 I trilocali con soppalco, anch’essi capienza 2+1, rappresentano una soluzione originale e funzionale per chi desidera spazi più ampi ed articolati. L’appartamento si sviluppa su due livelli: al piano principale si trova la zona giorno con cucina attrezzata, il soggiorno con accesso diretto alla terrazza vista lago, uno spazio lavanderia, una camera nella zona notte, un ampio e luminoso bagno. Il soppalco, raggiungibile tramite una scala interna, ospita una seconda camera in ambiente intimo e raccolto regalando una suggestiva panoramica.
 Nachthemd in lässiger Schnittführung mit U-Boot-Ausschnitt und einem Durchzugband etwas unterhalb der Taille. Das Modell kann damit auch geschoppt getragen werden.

--

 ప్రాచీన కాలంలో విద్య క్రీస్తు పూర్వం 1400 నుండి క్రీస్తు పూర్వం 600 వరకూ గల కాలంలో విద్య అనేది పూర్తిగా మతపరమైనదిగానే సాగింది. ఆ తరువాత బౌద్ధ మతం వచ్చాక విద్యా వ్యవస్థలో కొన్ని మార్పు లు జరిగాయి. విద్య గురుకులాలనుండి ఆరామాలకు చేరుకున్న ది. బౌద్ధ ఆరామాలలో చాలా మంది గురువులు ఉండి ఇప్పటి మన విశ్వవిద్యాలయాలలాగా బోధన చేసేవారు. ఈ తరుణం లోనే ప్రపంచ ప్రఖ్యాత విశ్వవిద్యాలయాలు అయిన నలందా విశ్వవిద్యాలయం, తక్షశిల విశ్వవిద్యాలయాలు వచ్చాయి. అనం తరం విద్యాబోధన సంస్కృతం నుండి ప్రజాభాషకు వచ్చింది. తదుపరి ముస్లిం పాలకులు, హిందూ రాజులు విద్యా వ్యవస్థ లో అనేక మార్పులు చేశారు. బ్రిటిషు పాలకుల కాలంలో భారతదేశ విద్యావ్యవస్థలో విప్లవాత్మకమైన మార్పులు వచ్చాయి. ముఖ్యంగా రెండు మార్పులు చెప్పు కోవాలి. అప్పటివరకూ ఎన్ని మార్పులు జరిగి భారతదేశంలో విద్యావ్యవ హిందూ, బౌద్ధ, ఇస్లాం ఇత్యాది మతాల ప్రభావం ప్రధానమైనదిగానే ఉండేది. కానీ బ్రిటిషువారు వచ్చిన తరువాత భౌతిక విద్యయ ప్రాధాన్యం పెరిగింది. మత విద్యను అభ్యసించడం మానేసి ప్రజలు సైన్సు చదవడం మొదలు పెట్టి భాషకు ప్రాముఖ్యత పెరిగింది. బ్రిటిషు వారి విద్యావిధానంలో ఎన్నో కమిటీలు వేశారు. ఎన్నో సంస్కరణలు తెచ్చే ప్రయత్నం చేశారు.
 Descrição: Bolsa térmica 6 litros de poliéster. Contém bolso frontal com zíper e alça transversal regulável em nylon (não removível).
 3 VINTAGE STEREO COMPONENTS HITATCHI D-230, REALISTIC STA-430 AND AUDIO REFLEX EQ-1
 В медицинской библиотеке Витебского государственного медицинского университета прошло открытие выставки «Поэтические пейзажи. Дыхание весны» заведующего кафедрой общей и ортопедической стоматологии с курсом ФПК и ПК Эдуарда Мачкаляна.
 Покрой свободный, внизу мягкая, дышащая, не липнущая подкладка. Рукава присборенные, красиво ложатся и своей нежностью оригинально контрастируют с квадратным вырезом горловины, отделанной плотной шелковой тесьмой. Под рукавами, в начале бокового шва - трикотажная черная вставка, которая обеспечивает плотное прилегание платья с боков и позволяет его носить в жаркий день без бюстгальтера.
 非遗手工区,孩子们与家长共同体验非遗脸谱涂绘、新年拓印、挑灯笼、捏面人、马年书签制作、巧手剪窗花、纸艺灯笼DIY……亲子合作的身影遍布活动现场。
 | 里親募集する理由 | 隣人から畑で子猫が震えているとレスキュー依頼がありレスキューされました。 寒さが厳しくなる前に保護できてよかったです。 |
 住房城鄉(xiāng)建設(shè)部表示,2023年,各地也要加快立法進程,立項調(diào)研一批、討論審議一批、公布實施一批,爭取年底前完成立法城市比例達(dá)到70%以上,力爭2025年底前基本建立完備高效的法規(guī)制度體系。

...

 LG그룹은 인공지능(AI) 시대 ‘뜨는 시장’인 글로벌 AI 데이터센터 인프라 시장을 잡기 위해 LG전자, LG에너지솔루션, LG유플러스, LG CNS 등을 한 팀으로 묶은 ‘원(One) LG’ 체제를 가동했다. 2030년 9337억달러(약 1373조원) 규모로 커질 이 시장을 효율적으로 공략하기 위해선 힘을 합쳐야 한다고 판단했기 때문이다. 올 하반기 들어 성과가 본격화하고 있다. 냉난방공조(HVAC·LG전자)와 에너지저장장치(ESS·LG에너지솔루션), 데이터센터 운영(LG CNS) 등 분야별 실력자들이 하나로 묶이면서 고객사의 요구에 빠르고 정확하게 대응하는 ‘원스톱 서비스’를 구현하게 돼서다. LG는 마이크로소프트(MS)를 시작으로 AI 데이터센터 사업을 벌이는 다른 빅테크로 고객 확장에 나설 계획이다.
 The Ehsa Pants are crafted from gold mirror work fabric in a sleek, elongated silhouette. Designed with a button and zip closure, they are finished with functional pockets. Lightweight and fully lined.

◆ **WORK ORDER**
Write down again, exactly as given, only the lines above that fall from the line with "Покрой свободный, внизу" to the line with "住房城鄉(xiāng)建設(shè)部表", inclusive.

◆ **TASK ANSWER**
 Покрой свободный, внизу мягкая, дышащая, не липнущая подкладка. Рукава присборенные, красиво ложатся и своей нежностью оригинально контрастируют с квадратным вырезом горловины, отделанной плотной шелковой тесьмой. Под рукавами, в начале бокового шва - трикотажная черная вставка, которая обеспечивает плотное прилегание платья с боков и позволяет его носить в жаркий день без бюстгальтера.
 非遗手工区,孩子们与家长共同体验非遗脸谱涂绘、新年拓印、挑灯笼、捏面人、马年书签制作、巧手剪窗花、纸艺灯笼DIY……亲子合作的身影遍布活动现场。
 | 里親募集する理由 | 隣人から畑で子猫が震えているとレスキュー依頼がありレスキューされました。 寒さが厳しくなる前に保護できてよかったです。 |
 住房城鄉(xiāng)建設(shè)部表示,2023年,各地也要加快立法進程,立項調(diào)研一批、討論審議一批、公布實施一批,爭取年底前完成立法城市比例達(dá)到70%以上,力爭2025年底前基本建立完備高效的法規(guī)制度體系。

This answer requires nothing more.